---------- EXCERPTED DATA ----------

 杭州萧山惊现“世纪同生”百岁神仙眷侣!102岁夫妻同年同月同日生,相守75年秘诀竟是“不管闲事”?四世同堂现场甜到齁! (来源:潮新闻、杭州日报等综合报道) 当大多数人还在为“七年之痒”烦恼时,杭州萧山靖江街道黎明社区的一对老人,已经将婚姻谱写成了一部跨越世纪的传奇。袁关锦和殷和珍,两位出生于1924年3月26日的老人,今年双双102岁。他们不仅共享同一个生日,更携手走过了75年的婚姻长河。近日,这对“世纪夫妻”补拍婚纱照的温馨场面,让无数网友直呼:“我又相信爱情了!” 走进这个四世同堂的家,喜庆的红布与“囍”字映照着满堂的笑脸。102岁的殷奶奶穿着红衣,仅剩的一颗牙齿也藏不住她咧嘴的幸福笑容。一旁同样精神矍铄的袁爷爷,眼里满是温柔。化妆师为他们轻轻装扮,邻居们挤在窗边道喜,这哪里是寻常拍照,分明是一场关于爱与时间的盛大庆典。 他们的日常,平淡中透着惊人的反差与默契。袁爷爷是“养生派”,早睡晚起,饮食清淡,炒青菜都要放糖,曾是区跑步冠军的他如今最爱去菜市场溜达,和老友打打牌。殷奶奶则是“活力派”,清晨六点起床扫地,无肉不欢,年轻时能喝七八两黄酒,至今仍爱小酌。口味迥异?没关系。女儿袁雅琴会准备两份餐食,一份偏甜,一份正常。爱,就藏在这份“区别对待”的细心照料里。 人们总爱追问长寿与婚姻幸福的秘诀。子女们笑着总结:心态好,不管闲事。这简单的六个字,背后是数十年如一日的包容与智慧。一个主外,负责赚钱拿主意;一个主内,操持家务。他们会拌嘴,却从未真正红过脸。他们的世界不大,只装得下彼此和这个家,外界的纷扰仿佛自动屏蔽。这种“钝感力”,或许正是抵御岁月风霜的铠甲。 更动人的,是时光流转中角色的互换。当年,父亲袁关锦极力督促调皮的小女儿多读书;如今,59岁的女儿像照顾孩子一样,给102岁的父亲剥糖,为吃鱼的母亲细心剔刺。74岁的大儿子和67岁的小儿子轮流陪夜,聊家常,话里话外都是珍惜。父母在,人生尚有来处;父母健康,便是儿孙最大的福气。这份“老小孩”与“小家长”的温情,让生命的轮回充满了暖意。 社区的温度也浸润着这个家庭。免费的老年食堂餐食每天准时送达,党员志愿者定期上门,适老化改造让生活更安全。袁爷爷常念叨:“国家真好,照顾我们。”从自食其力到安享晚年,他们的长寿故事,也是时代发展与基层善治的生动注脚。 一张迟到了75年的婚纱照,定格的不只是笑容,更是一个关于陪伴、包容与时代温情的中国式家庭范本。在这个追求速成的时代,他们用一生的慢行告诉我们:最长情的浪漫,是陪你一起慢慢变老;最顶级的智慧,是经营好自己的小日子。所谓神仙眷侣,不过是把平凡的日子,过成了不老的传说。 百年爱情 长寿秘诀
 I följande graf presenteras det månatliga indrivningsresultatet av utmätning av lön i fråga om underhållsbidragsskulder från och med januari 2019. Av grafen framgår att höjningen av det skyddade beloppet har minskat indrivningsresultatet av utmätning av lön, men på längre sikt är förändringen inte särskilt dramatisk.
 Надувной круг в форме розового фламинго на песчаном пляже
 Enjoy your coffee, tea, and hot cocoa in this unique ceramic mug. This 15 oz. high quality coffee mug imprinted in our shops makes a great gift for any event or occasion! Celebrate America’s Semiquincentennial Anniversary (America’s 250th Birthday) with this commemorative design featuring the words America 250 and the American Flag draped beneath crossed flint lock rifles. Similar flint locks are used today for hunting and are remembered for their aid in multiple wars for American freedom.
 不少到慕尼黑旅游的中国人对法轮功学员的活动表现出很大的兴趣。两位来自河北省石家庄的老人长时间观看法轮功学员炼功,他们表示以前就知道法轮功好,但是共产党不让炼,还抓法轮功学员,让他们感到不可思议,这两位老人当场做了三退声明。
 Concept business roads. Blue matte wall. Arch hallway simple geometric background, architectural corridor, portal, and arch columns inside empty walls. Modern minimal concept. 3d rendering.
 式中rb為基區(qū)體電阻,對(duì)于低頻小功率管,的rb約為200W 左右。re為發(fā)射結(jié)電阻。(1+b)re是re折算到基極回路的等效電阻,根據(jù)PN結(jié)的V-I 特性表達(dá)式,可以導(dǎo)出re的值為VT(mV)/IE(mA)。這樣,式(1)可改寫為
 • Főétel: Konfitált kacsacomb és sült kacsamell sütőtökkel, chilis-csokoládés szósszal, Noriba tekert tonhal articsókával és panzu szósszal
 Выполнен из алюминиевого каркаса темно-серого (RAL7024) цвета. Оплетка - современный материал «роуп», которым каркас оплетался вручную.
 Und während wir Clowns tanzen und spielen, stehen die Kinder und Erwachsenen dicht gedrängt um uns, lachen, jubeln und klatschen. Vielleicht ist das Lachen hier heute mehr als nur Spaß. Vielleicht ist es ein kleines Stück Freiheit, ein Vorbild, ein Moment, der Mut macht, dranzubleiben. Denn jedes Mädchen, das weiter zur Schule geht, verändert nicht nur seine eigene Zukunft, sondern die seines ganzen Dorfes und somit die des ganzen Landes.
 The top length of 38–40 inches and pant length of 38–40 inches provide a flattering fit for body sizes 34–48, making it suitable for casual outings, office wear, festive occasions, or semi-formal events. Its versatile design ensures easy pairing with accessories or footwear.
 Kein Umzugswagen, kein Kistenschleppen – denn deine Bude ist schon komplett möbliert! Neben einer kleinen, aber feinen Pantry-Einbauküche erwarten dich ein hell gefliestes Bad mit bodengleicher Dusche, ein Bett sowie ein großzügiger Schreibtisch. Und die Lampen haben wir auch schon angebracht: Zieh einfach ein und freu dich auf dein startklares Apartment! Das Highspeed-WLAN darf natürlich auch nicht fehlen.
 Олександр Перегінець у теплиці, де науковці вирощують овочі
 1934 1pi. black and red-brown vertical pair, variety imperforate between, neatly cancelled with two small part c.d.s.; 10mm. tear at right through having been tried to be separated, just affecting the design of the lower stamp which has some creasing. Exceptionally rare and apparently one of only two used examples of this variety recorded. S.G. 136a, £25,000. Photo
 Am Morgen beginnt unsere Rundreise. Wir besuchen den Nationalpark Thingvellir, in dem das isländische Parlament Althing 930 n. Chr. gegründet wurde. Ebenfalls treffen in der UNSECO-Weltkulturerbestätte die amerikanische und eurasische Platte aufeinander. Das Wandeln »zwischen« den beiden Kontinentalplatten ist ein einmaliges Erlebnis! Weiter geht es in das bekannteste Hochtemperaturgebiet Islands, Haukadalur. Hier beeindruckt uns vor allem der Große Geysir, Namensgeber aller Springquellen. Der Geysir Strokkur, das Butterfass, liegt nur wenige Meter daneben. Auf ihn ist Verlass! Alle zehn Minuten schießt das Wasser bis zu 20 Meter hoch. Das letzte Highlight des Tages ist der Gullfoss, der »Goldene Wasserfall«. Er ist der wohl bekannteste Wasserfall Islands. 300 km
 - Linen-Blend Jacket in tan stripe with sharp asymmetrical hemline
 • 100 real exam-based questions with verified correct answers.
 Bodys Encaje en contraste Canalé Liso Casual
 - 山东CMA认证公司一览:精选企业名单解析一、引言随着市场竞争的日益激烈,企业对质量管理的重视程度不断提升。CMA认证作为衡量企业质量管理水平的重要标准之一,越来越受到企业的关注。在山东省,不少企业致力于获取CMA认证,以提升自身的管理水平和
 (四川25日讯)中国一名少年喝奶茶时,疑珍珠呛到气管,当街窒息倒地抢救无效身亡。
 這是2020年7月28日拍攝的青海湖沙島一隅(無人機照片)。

----------

EXERCISE REQUIREMENTS -> An exact copy of the lines above, from the one containing "Enjoy your coffee, tea, and" down to the one containing "不少到慕尼黑旅游的中国人对法" and including both, is the whole answer; retype it and nothing else.

WRITTEN ANSWER ->
 Enjoy your coffee, tea, and hot cocoa in this unique ceramic mug. This 15 oz. high quality coffee mug imprinted in our shops makes a great gift for any event or occasion! Celebrate America’s Semiquincentennial Anniversary (America’s 250th Birthday) with this commemorative design featuring the words America 250 and the American Flag draped beneath crossed flint lock rifles. Similar flint locks are used today for hunting and are remembered for their aid in multiple wars for American freedom.
 不少到慕尼黑旅游的中国人对法轮功学员的活动表现出很大的兴趣。两位来自河北省石家庄的老人长时间观看法轮功学员炼功,他们表示以前就知道法轮功好,但是共产党不让炼,还抓法轮功学员,让他们感到不可思议,这两位老人当场做了三退声明。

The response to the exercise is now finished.